▸ DATA FOR THIS EXERCISE:
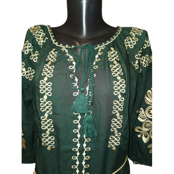 Rochiile tradiționale reprezintă o adevărată operă de artă ce îmbină istoria și tradiția cu rafinamentul modern. La IiRomanesti.com punem la dispoziție o colecție diversificată de rochii tradiționale românești, realizate cu măiestrie din materiale premium precum bumbacul și inul. Fiecare rochie este cusută la masina și este decorată cu broderii autentice romanesti, inspirate din motivele populare specifice regiunilor românești, pentru a reda cu fidelitate farmecul portului tradițional.
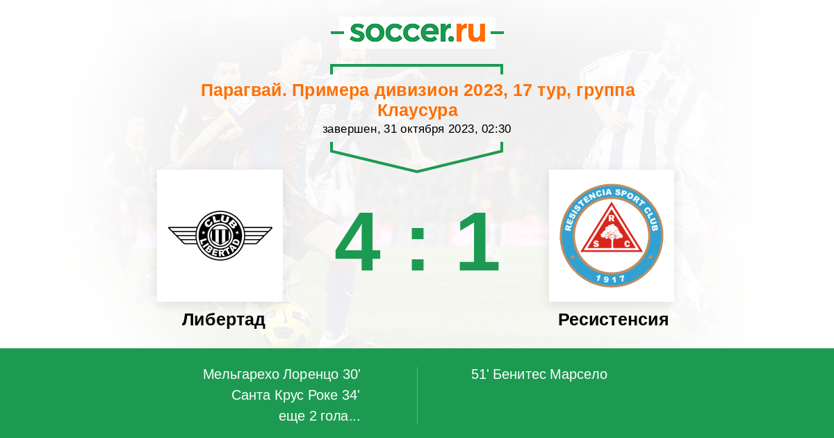 Протокол матча Либертад против Ресистенсия
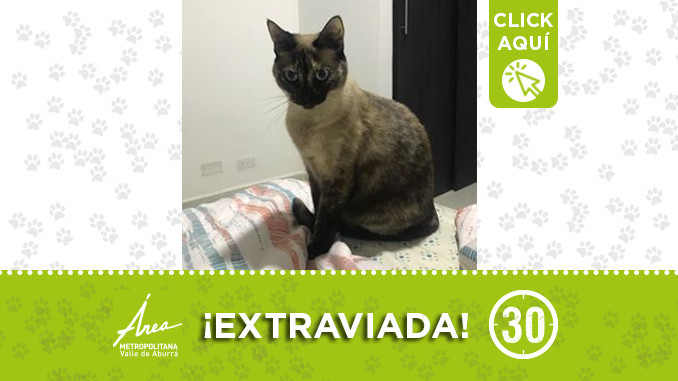 Esta gatica se perdió por el parque de Sabaneta desde el 8 de marzo. Si usted la ha visto por favor llamar a los números 3108947779 – 3003941229. ¡Difunde!
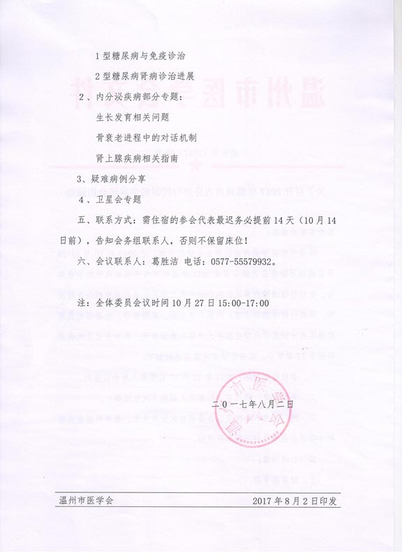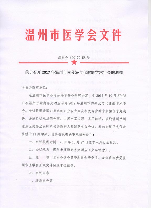 关于召开2017年温州市内分泌与代谢病学术年会的通知
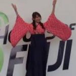 白を基調に南国をイメージして水色やグリーンの花を入れて明るい雰囲気に荒井つかさ写真集発売記念イベント
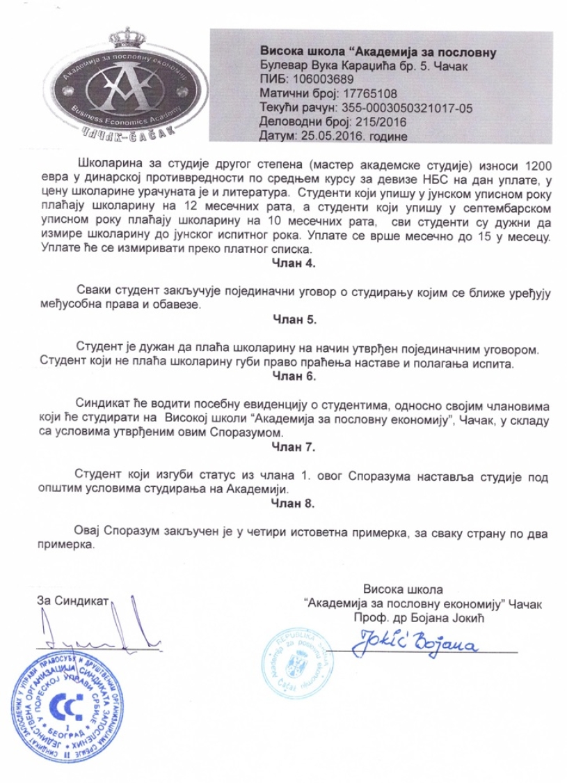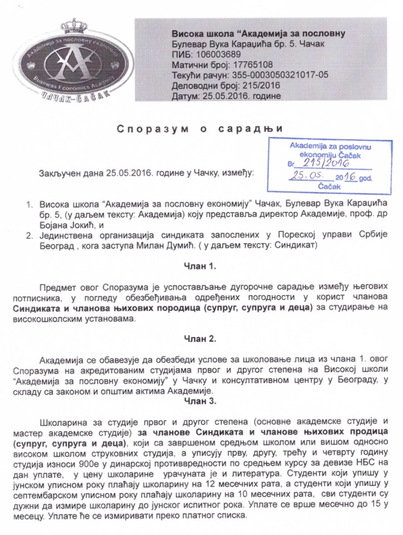 Уговор о најповољнијим условима студирања запослених радника Пореске управе Србије

▸ REQUIREMENT: Repeat the data in full, exactly as it stands, but drop every picture.

▸ SOLUTION:
 Rochiile tradiționale reprezintă o adevărată operă de artă ce îmbină istoria și tradiția cu rafinamentul modern. La IiRomanesti.com punem la dispoziție o colecție diversificată de rochii tradiționale românești, realizate cu măiestrie din materiale premium precum bumbacul și inul. Fiecare rochie este cusută la masina și este decorată cu broderii autentice romanesti, inspirate din motivele populare specifice regiunilor românești, pentru a reda cu fidelitate farmecul portului tradițional.
 Протокол матча Либертад против Ресистенсия
 Esta gatica se perdió por el parque de Sabaneta desde el 8 de marzo. Si usted la ha visto por favor llamar a los números 3108947779 – 3003941229. ¡Difunde!
 关于召开2017年温州市内分泌与代谢病学术年会的通知
 白を基調に南国をイメージして水色やグリーンの花を入れて明るい雰囲気に荒井つかさ写真集発売記念イベント
 Уговор о најповољнијим условима студирања запослених радника Пореске управе Србије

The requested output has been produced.